See also: Chapter 00: Preface

Runtime (Execution Environment) — the agent code you write in Go. It connects the LLM with tools and manages the agent work loop. It performs LLM response parsing, validation, tool execution, and dialogue history management.

Important: Runtime is not a separate system or framework. It's your code in main.go or separate modules.

See also: Chapter 09: Agent Anatomy

Tool — a Go function, API call, or command that an agent can execute to interact with the real world. It's described in JSON Schema format and passed to the model in the tools[] field.

Synonyms: Function (in Function Calling context)

See also: Chapter 03: Tools and Function Calling

Tool Call / Function Call — a structured JSON request that the LLM generates to call a tool.

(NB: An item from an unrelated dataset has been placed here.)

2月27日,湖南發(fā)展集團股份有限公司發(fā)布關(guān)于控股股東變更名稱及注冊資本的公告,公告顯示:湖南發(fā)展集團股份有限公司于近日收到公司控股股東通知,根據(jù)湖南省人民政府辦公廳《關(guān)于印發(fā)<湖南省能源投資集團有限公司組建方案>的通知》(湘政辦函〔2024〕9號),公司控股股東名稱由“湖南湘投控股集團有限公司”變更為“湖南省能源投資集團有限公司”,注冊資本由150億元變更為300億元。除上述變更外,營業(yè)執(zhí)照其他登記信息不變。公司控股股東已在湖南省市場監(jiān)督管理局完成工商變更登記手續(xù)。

It contains the tool name and arguments in JSON format. It's returned in the tool_calls field of the model response.

Note: "Tool Call" and "Function Call" are the same. "Function Calling" is the mechanism name in API, "Tool Call" is a specific tool invocation.

See also: Chapter 03: Tools and Function Calling

MCP (Model Context Protocol) — protocol for connecting tools and data to LLM agents (Anthropic). Provides a standard interface for Resources, Tools, and Prompts.

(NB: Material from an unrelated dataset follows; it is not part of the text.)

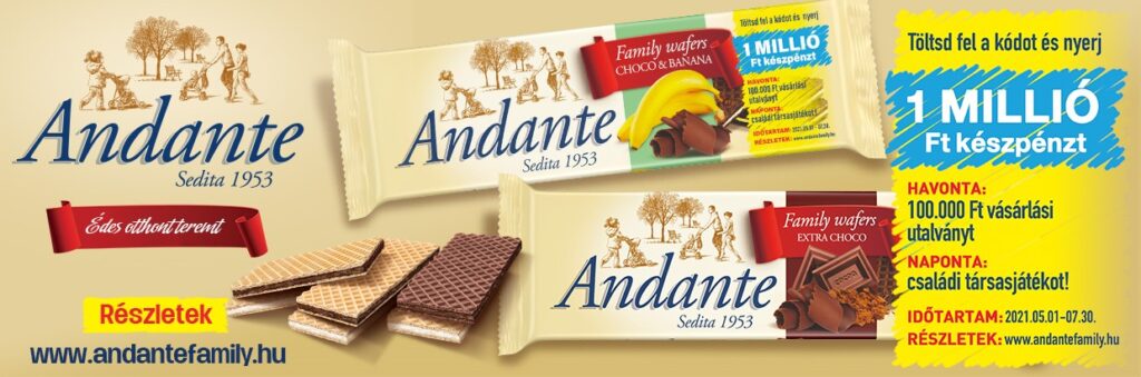 A nyereményjáték időtartama: 2021. 05. 01. – 2021. 07. 30. Részletek, játékszabályzat, regisztráció: https://andantefamily.hu/

Artifact / artifact_id — a large tool result (file, logs, JSON, HTML, etc.) that the runtime stores outside messages[]. The model only receives a short excerpt plus an artifact_id. This reduces cost/latency and helps avoid context overflows.

See also: Chapter 20: Cost & Latency Engineering

AgentState — a canonical agent run state structure: goal, constraints (including HITL), budgets, plan, known facts, open questions, artifacts, and risk flags. It is a contract between agent loop iterations and between components (for example, an "orchestrator" and an "analyzer").

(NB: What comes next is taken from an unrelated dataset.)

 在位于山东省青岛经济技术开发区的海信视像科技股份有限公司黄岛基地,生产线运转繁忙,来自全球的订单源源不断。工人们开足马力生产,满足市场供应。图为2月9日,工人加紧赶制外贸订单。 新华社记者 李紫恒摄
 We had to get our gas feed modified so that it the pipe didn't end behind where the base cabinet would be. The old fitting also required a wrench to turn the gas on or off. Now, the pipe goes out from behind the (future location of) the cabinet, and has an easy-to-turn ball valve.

StatePatch — a structured update to AgentState (for example: append facts, replace plan, add open questions). It's useful when one component normalizes observations and another decides the next action.

Risk Level — classification of side effects used by policy and HITL gates. A typical minimal set is: read_only, write_local, external_action.

ReAct Loop (Reasoning and Action Loop) — autonomous agent work pattern: Reason (reasons) → Act (acts) → Observe (observes) → repeats. Agent analyzes situation, performs action, receives result, and decides what to do next.

Etymology: ReAct = Reason + Act

See also: Chapter 04: Autonomy and Loops

Skills — reusable agent behavior modules. Contain instructions loaded into context depending on the task.

LLM and Context

Context Window — maximum number of tokens a model can process in one request. Limits dialogue history size. Examples: GPT-4o: 128k tokens, GPT-4o-mini: 128k tokens, Claude 3.5 Sonnet: 200k tokens.

See also: Chapter 01: LLM Physics

Token — unit of text processed by the model. One token ≈ 0.75 words (English) or ≈ 1.5 tokens per word (Russian). Everything the agent "knows" about the current task is limited by the number of tokens in the context window.

See also: Chapter 01: LLM Physics

System Prompt — instructions for the model that set agent role, goal, constraints, and work process. Passed in messages[0].content with role "system". Consists of: Role (Persona), Goal, Constraints, Format, SOP.

See also: Chapter 02: Prompting

Temperature — entropy parameter of token probability distribution. Temperature = 0 — deterministic behavior (for agents), Temperature > 0 — random behavior (for creative tasks).

Rule: For all agents, set Temperature = 0.

See also: Chapter 01: LLM Physics

Prompt Cache — an optimization on the LLM provider side: an identical messages[] prefix (system prompt + first messages) is cached and billed at a 50–90% discount. To hit the cache, the prefix must be byte-for-byte stable between requests in the same agent run. Any mutation of the system prompt (inserting the time, dynamic facts) or replacement of early messages busts the cache — iterations become several times more expensive and slower. So dynamic state (current time, facts) goes into the last user message or into tool results, not into messages[0].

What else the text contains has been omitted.